Start of MATERIAL SHOWN
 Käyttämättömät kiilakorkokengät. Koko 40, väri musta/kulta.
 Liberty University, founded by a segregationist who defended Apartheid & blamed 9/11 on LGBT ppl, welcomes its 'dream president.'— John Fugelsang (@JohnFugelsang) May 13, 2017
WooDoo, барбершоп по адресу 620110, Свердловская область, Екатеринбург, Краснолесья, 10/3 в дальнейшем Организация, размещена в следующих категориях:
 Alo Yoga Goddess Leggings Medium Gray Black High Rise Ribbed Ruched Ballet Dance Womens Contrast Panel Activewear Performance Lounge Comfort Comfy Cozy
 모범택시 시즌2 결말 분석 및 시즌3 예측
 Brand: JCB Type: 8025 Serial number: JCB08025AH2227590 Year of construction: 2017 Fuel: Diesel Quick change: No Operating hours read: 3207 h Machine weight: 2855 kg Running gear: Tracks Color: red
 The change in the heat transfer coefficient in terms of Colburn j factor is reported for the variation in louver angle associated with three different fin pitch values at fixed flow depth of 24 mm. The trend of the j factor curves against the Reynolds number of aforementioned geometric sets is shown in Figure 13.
End of MATERIAL SHOWN
Start of MATERIAL SHOWN
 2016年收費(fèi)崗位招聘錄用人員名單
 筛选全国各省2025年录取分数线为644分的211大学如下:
End of MATERIAL SHOWN
Start of MATERIAL SHOWN
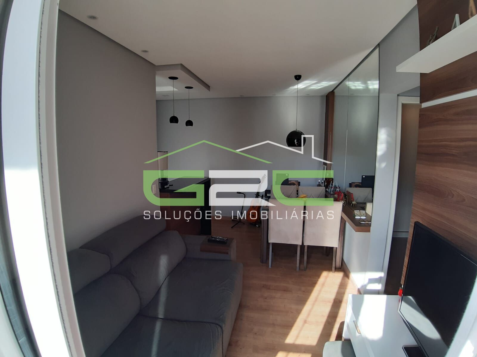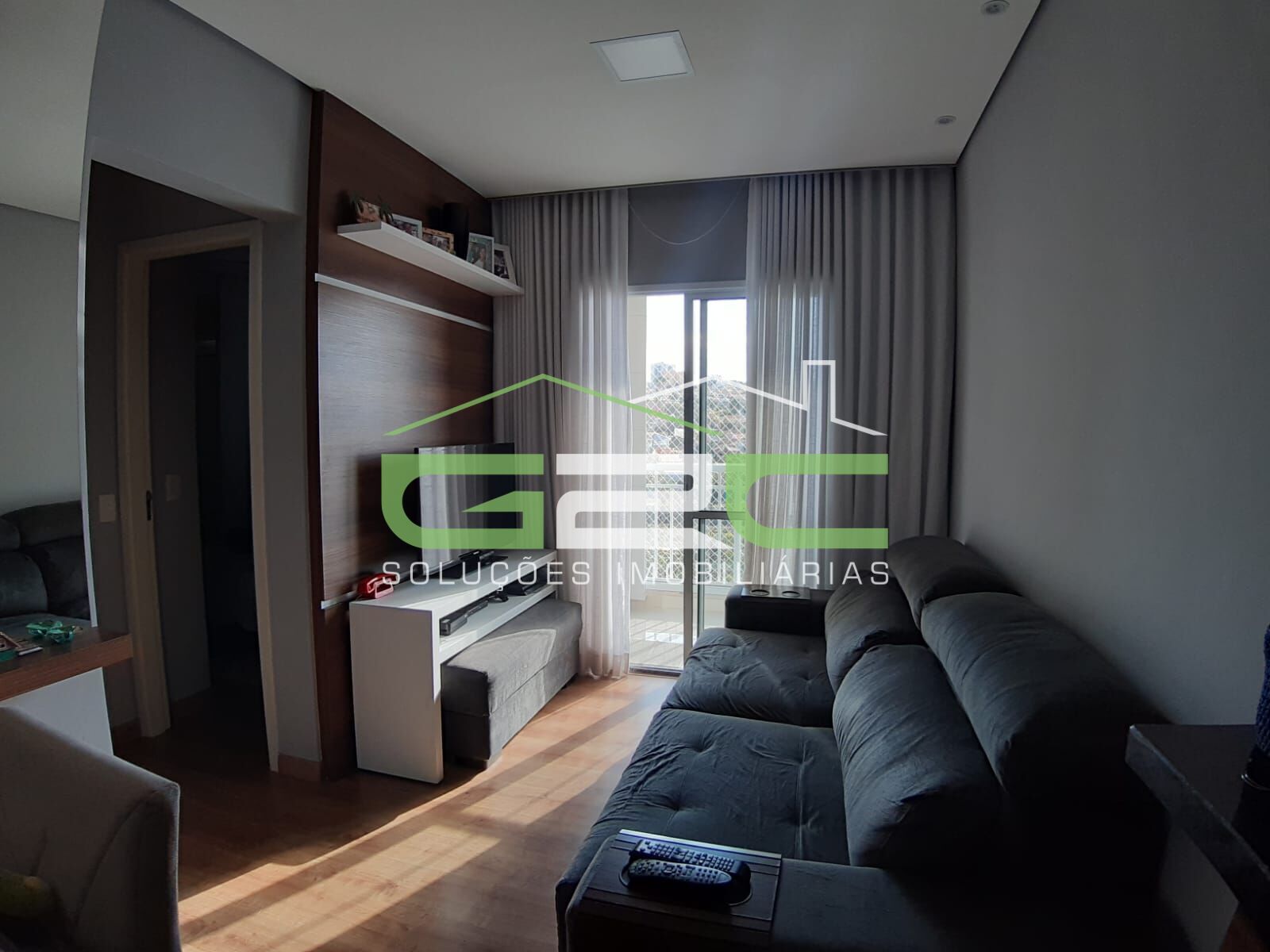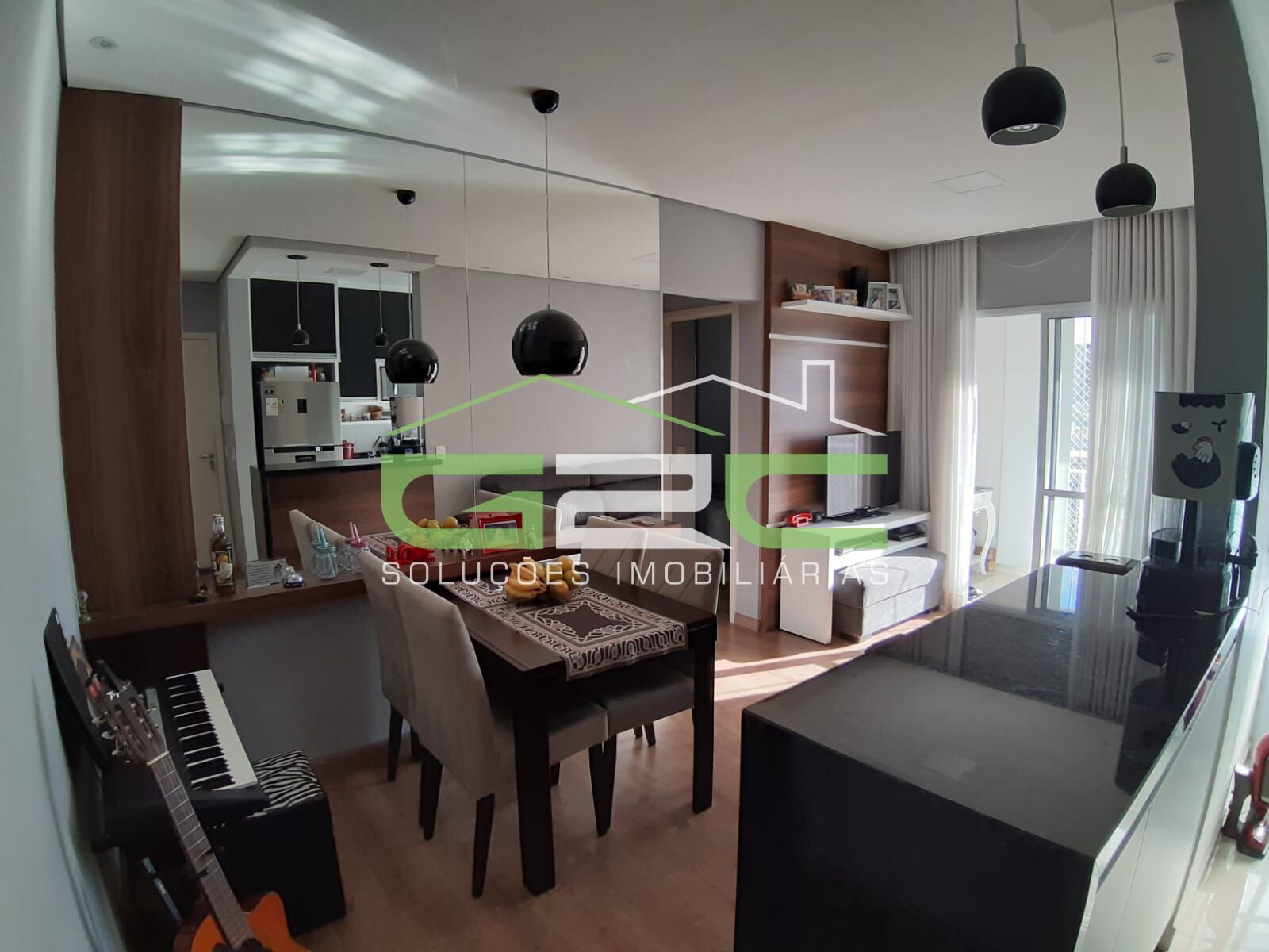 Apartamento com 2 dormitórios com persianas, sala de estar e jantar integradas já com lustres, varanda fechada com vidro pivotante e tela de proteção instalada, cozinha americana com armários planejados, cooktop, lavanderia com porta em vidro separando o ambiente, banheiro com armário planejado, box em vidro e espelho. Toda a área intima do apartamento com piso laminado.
End of MATERIAL SHOWN
**WHAT IS BEING ASKED:** All that belongs in the answer is the run of lines above from the line containing "Käyttämättömät kiilakorkokengät. Koko" through the line containing "The change in", exactly as written.

**RESULT:**
 Käyttämättömät kiilakorkokengät. Koko 40, väri musta/kulta.
 Liberty University, founded by a segregationist who defended Apartheid & blamed 9/11 on LGBT ppl, welcomes its 'dream president.'— John Fugelsang (@JohnFugelsang) May 13, 2017
WooDoo, барбершоп по адресу 620110, Свердловская область, Екатеринбург, Краснолесья, 10/3 в дальнейшем Организация, размещена в следующих категориях:
 Alo Yoga Goddess Leggings Medium Gray Black High Rise Ribbed Ruched Ballet Dance Womens Contrast Panel Activewear Performance Lounge Comfort Comfy Cozy
 모범택시 시즌2 결말 분석 및 시즌3 예측
 Brand: JCB Type: 8025 Serial number: JCB08025AH2227590 Year of construction: 2017 Fuel: Diesel Quick change: No Operating hours read: 3207 h Machine weight: 2855 kg Running gear: Tracks Color: red
 The change in the heat transfer coefficient in terms of Colburn j factor is reported for the variation in louver angle associated with three different fin pitch values at fixed flow depth of 24 mm. The trend of the j factor curves against the Reynolds number of aforementioned geometric sets is shown in Figure 13.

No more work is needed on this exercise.